Ti hanno mai dato un pugno in pancia?

A volte le cose più belle sono quelle che ti fanno male. A volte i ricordi più belli sono quelli che ti lasciano un segno. Non so come ragioniate voi, ma per quel che mi riguarda ho una certa teoria sul dolore e sulla sua gestione. Penso, forse un po’ nichilisticamente, che a volte sia necessario che qualcuno ti accoltelli o che, ancor meglio, sia tu stesso a darti una coltellata. Immaginate un cordone ombelicale che vi lascia sospesi a qualcosa cui tenete molto. Immaginate di reciderlo. La nascita, il primo vagito, è l’esperienza di dolore per eccellenza. Gli esseri umani, nella loro fragilità, vivono nella costante paura del dolore e il distacco, l’abbandono, la recisione del cordone che ci lega a nostra madre al momento della nascita, è un momento topico della nostra esperienza di vita. Io la chiamo “condizione umana”. La condizione umana è quella cosa che ti rende ciò che sei. È l’esperienza del dolore, il viaggio attraverso i colori dello spettro dell’emotività. Passare da una parte all’altra di questo arcobaleno di sentimenti, aggrappandoci forte a quello che amiamo, è la sintesi della nostra vita come esseri senzienti. È un’esperienza, quella dell’amore e della conseguente perdita, che forgia praticamente tutti i caratteri e che noi esseri umani, nel particolare, viviamo con una gestazione abbastanza lunga. Ecco, un sunto molto asciutto della condizione umana. Vivere, anzi sopravvivere, agli stati alterati delle nostre emozioni imparando ad amare, odiare, a conquistare, a distaccarsi, fondamentalmente a perdersi in sé stessi per poi venirne fuori. Siamo bozzoli, bachi che filano sentimenti al posto della seta.
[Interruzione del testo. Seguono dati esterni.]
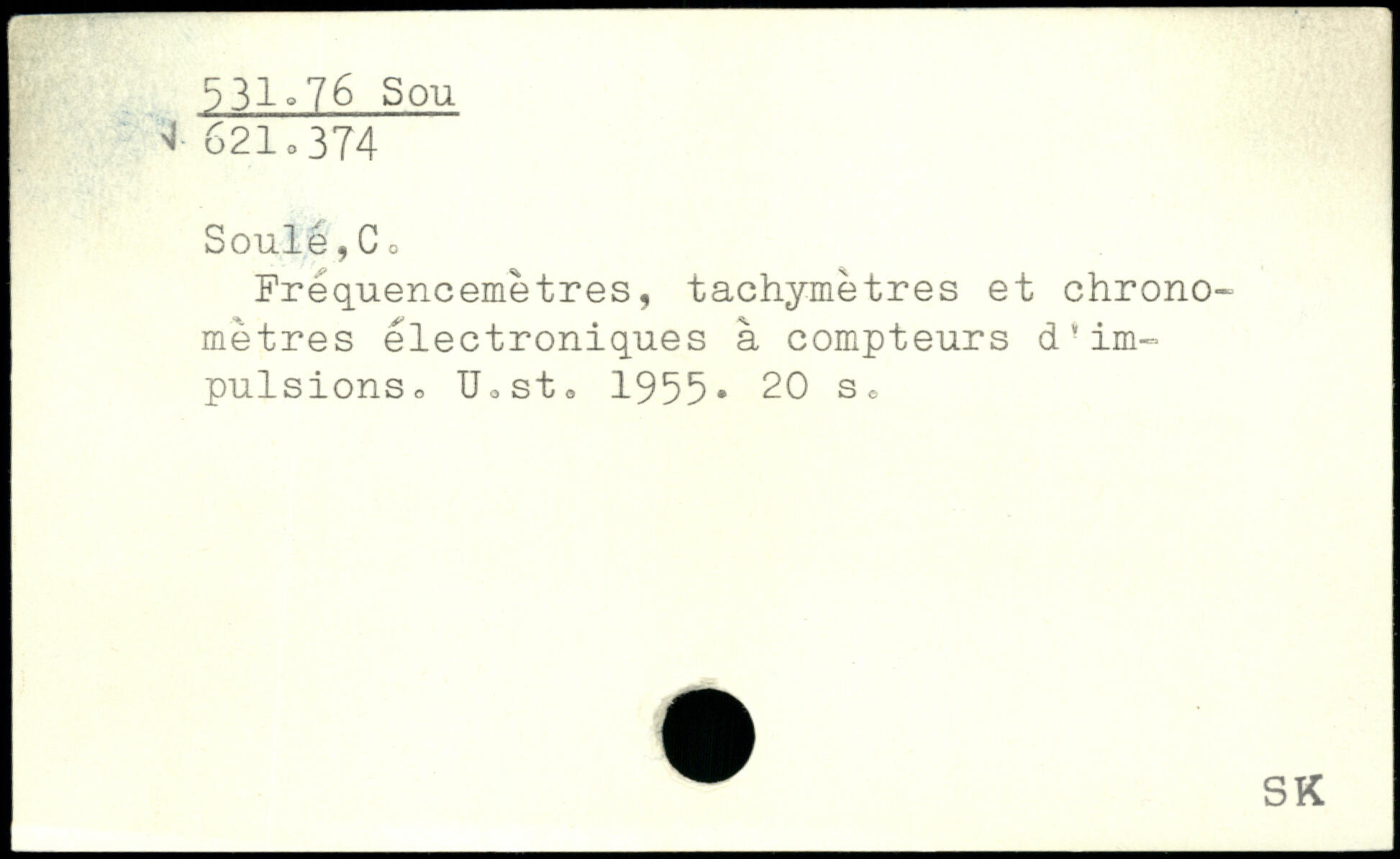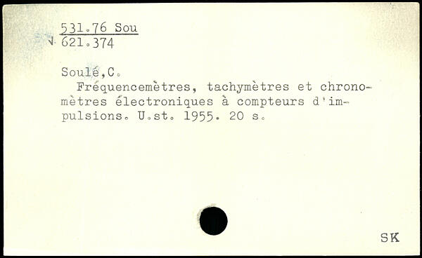 Soûlé,C , Fréquencemètres, tachymètres et chronomètres électroniques à compteurs d'impulsions.. UoSto 1955.

Se vi dirà bene ne verrete fuori forti, incrollabili, incedibili. Realisticamente, e il più delle volte, sarete semplicemente adulti, con alle spalle esperienze più o meno belle e tante fragilità

https://www.youtube.com/watch?v=Bf12qwPWDVI&t=16s

Questo è il motivo fondamentale per cui tutti, ma proprio tutti, dobbiamo delle scuse a Bojack Horseman. Tutti. Nonostante qualcuno voglia sentirsi più hipster di altri, con frasi tipo “conoscevo Bojack da prima che diventasse mainstream”, sappiate che le scuse dovranno essere unanimi e sentite. E per inciso, “mainstream” significa tutt’altro. Perché è difficile non ammettere che con l’uscita della prima stagione, questa perla di talentuosissima scrittura fu archiviata per lo più come “l’ennesimo show per adulti messo su per farsi anche quattro risate”.

Che pensiate a Groening o a McFarlane, sappiate che nessuno dei due c’entra un cazzo. Che stronzi siamo stati, che “inutili pezzi di merda”. Bojack Horseman non è semplicemente uno show per adulti, ma è forse il più complesso e sfaccettato viaggio alla ricerca di sé stessi che la TV possa offrirci in salsa animata. Bojack Horseman è la parabola perfetta per comprendere, capire, per qualcuno anche solo costeggiare, il concetto di “condizione umana”. Ed ora che siamo alla quarta stagione, ora che questa è finalmente disponibile in tutto il mondo, chi vi scrive si rende conto che questo show sa colpire così duro e così forte da lasciare non storditi, ma impietriti.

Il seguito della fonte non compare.